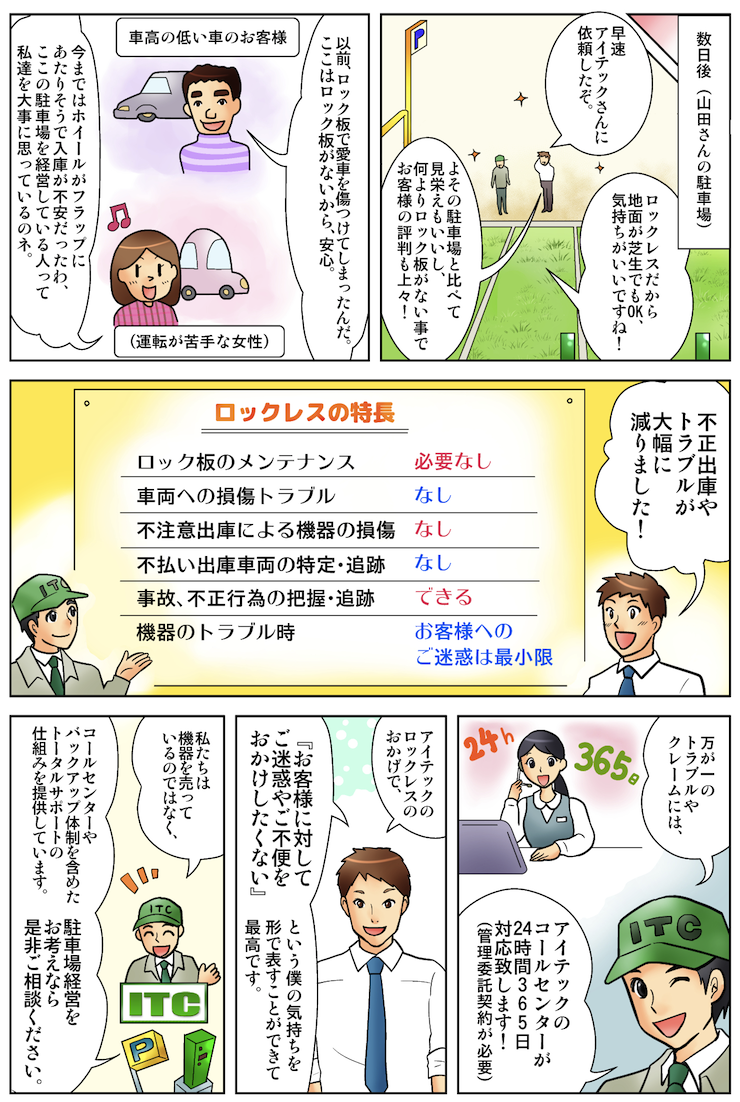 ロックレスコインパーキングは、アイテックが長年に渡り蓄積して来たIT技術を基に実現できました。
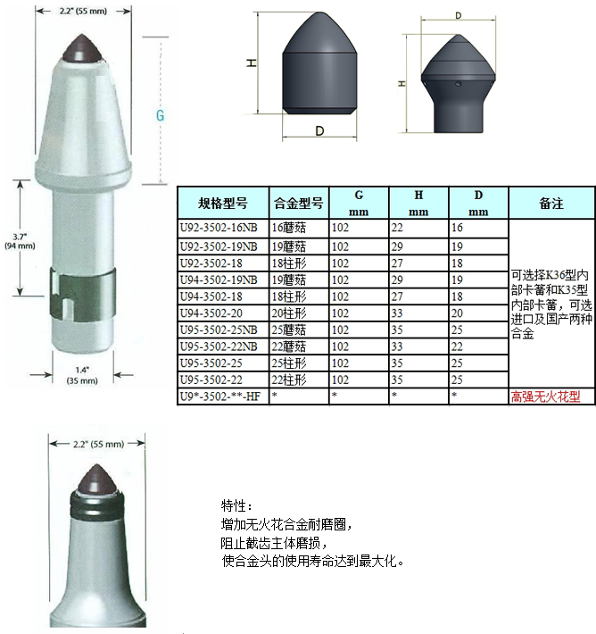 煤截齒規格型號:U92-3502-16NB、U92-3502-19NB、U92-3502-18、U94-3502-19NB、U94-3502-18、U94-3502-18、U95-3502-25NB、U95-3502-22NB、U95-3502-25、U95-3502-22、U9*-3502-**-HF
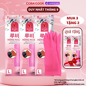 [Mua 3 Tặng 2] Bộ 3 Đôi Găng Tay Cao Su Tự Nhiên Ruby Hàn Quốc Size L-39cm Xuất xứ thương hiệu: Hàn Quốc Sản xuất tại: Việt Nam Size L: +/- 39cm -
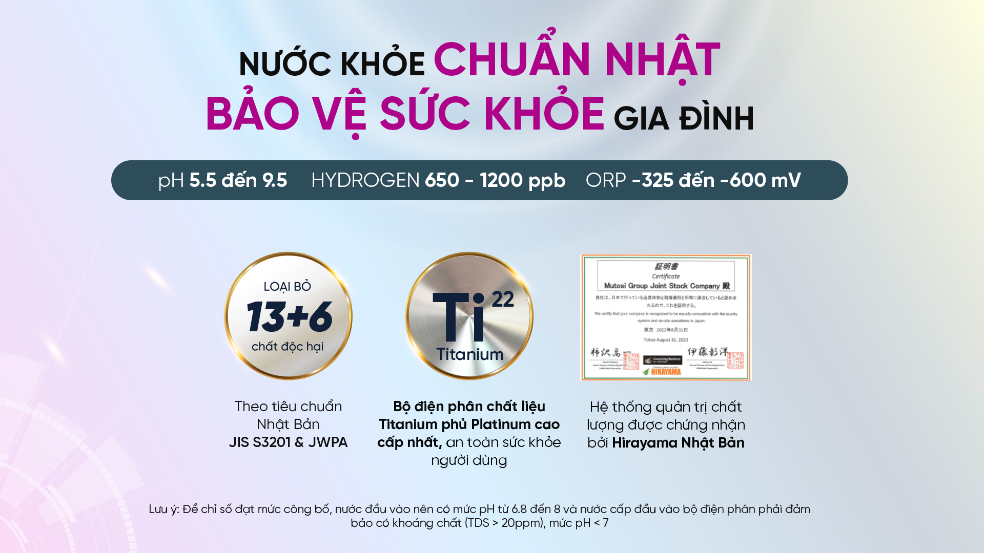 (Lưu ý: Để chỉ số đạt mức công bố, nước đầu vào nên có mức pH từ 6.8 đến 8 và nước cấp đầu vào bộ điện phân phải đảm bảo có khoáng chất (TDS > 20ppm), mức pH < 7)
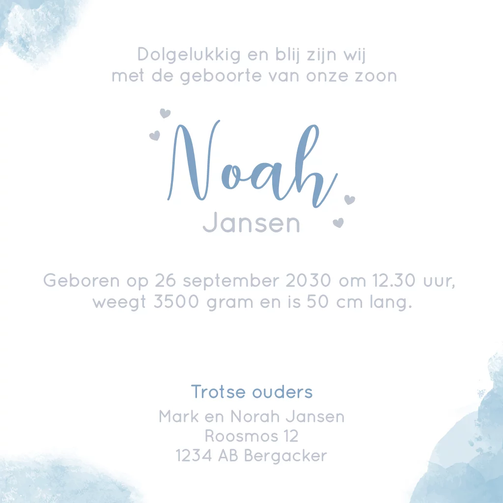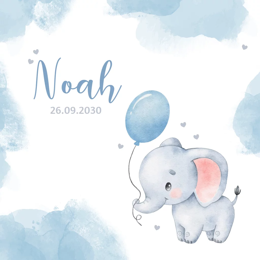 Een schattig olifantje met in zijn slurf een blauwe ballon vast. Aan de randen van de kaart is lichtblauwe waterverf te zien. De waterverf komt ook aan de binnenkant van de kaart weer terug. Naast het olifantje staat de voorbeeldnaam Noah met daaronder de geboortedatum. Pas het kaartje helemaal naar wens aan in de editor.
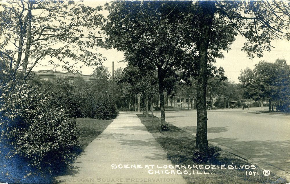 Real-photo postcard view looking northeast along sidewalk toward west end of Logan Boulevard with apartment buildings visible above bushes and automobiles on boulevard in distance, circa 1910-1915. C.R. Childs card #1071Subject Place
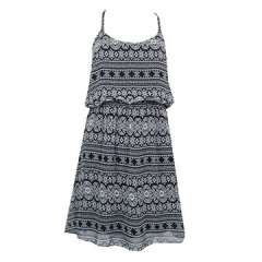 女士时尚尼斯打印圆领无袖Sundresses,尼斯纹理
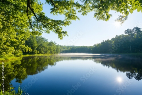 © Artificialstock, Obraz premium Tranquil lake at sunrise with mist and lush foliage.
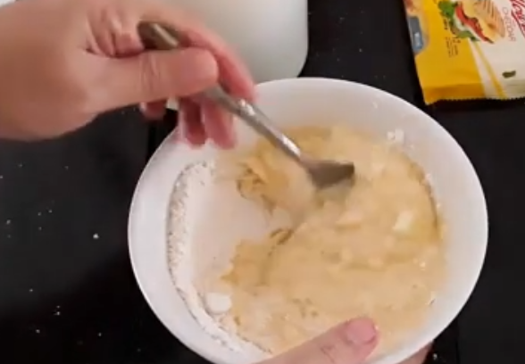 1.ผสมแป้ง,ไข่,ผงฟู,ผงปรุงรส เข้ากับน้ำคนให้แป้งละลายดี ไม่ข้นหรือเหลวจนเกินไป

What to produce :: Return the material from above in full, exactly as written, with the pictures omitted.

Answer to this task ::
 ロックレスコインパーキングは、アイテックが長年に渡り蓄積して来たIT技術を基に実現できました。
 煤截齒規格型號:U92-3502-16NB、U92-3502-19NB、U92-3502-18、U94-3502-19NB、U94-3502-18、U94-3502-18、U95-3502-25NB、U95-3502-22NB、U95-3502-25、U95-3502-22、U9*-3502-**-HF
 [Mua 3 Tặng 2] Bộ 3 Đôi Găng Tay Cao Su Tự Nhiên Ruby Hàn Quốc Size L-39cm Xuất xứ thương hiệu: Hàn Quốc Sản xuất tại: Việt Nam Size L: +/- 39cm -
 (Lưu ý: Để chỉ số đạt mức công bố, nước đầu vào nên có mức pH từ 6.8 đến 8 và nước cấp đầu vào bộ điện phân phải đảm bảo có khoáng chất (TDS > 20ppm), mức pH < 7)
 Een schattig olifantje met in zijn slurf een blauwe ballon vast. Aan de randen van de kaart is lichtblauwe waterverf te zien. De waterverf komt ook aan de binnenkant van de kaart weer terug. Naast het olifantje staat de voorbeeldnaam Noah met daaronder de geboortedatum. Pas het kaartje helemaal naar wens aan in de editor.
 Real-photo postcard view looking northeast along sidewalk toward west end of Logan Boulevard with apartment buildings visible above bushes and automobiles on boulevard in distance, circa 1910-1915. C.R. Childs card #1071Subject Place
 女士时尚尼斯打印圆领无袖Sundresses,尼斯纹理
 © Artificialstock, Obraz premium Tranquil lake at sunrise with mist and lush foliage.
 1.ผสมแป้ง,ไข่,ผงฟู,ผงปรุงรส เข้ากับน้ำคนให้แป้งละลายดี ไม่ข้นหรือเหลวจนเกินไป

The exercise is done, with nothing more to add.